Write out, word for word and with no pictures, each line below from the one containing "王晓飞 教授 讲座内容" through the one containing "Papatyalı Transparan Büstiyer", both included, and no other line.

# The input:

*** Block opens ***

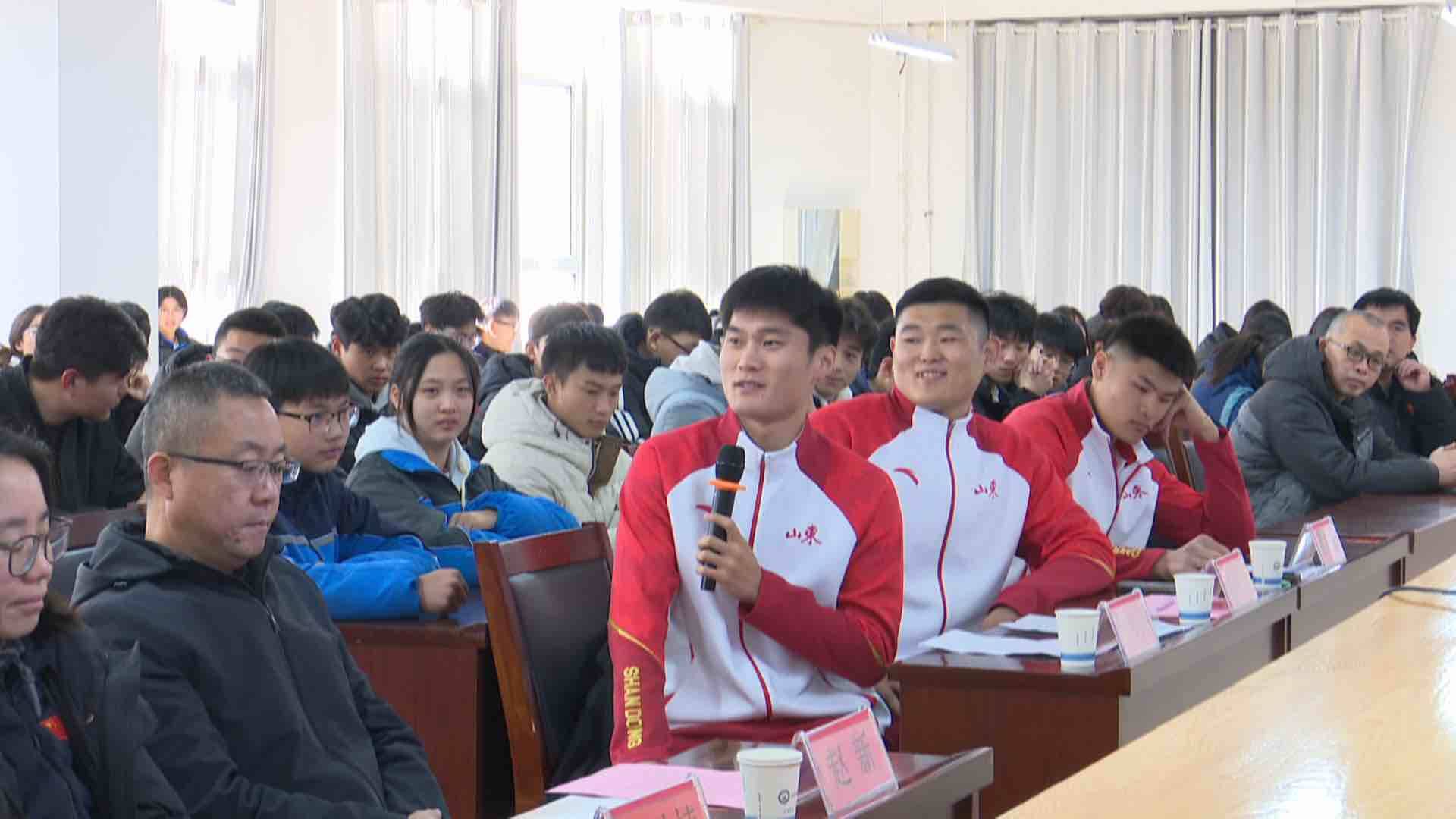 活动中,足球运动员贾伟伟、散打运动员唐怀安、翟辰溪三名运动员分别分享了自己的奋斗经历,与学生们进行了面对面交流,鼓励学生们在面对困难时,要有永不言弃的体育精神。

*** Block closes ***
*** Block opens ***

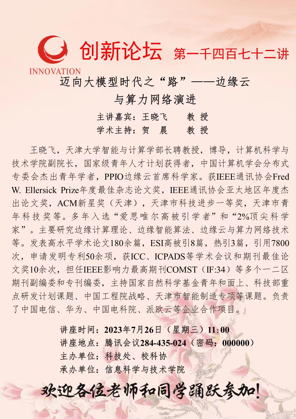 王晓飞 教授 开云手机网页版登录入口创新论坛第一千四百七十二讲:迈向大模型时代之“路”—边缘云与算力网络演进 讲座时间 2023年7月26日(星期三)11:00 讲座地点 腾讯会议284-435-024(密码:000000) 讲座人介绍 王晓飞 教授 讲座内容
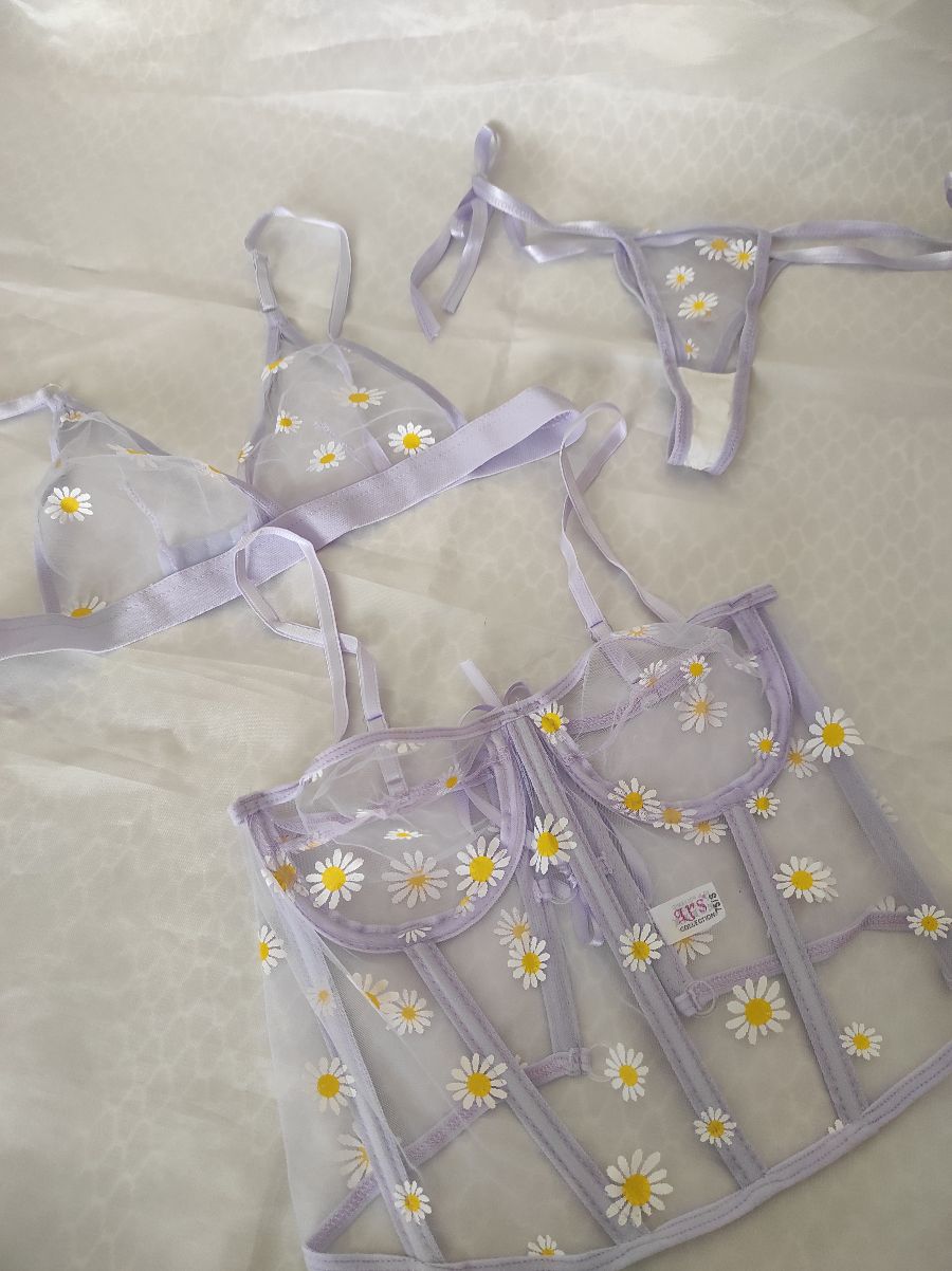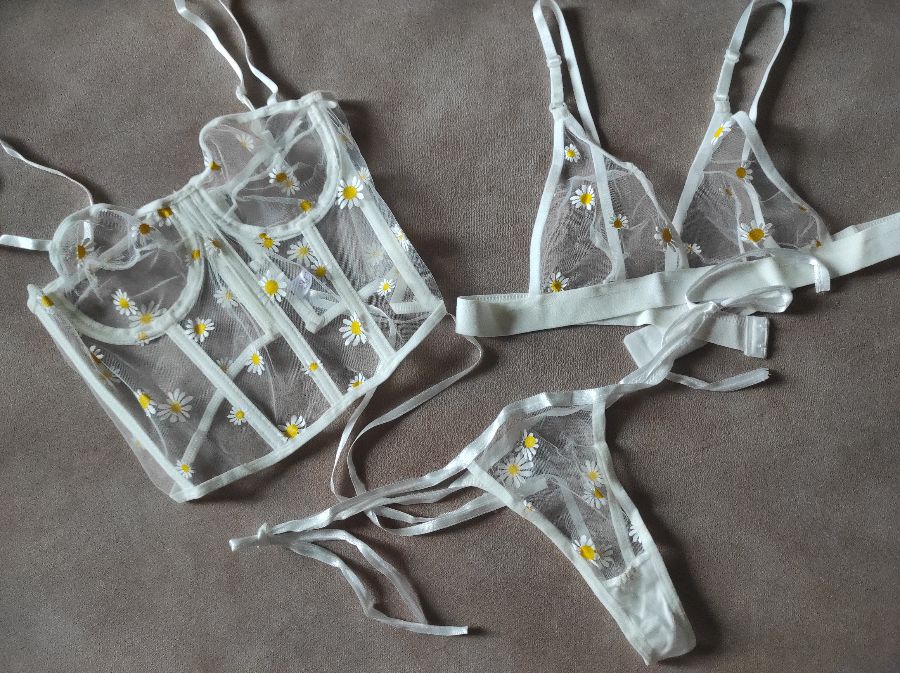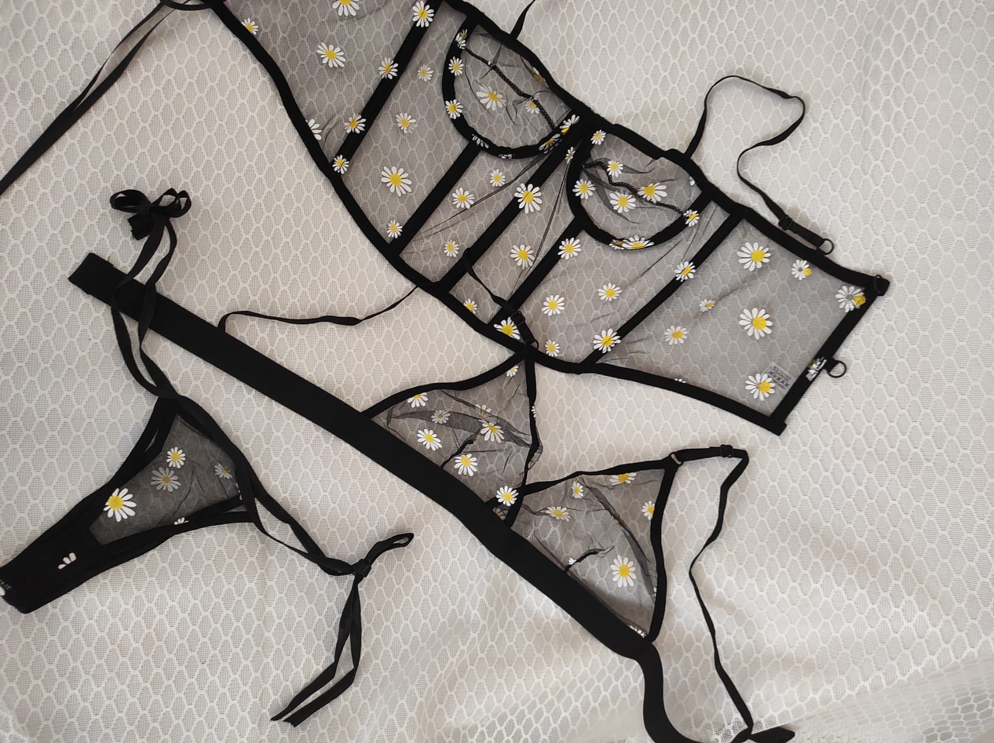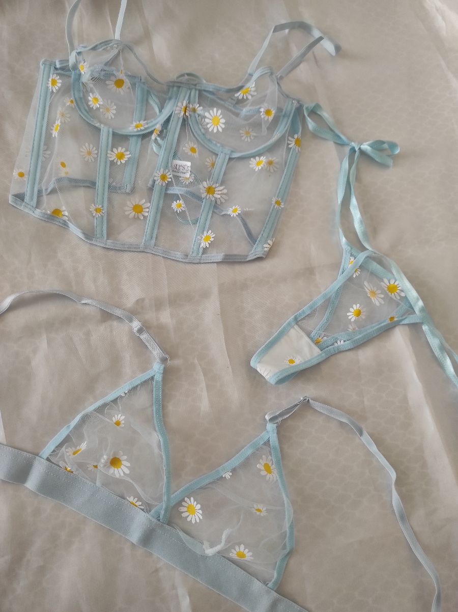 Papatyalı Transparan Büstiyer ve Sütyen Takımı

*** Block closes ***

# Task solution:
 王晓飞 教授 开云手机网页版登录入口创新论坛第一千四百七十二讲:迈向大模型时代之“路”—边缘云与算力网络演进 讲座时间 2023年7月26日(星期三)11:00 讲座地点 腾讯会议284-435-024(密码:000000) 讲座人介绍 王晓飞 教授 讲座内容
 Papatyalı Transparan Büstiyer ve Sütyen Takımı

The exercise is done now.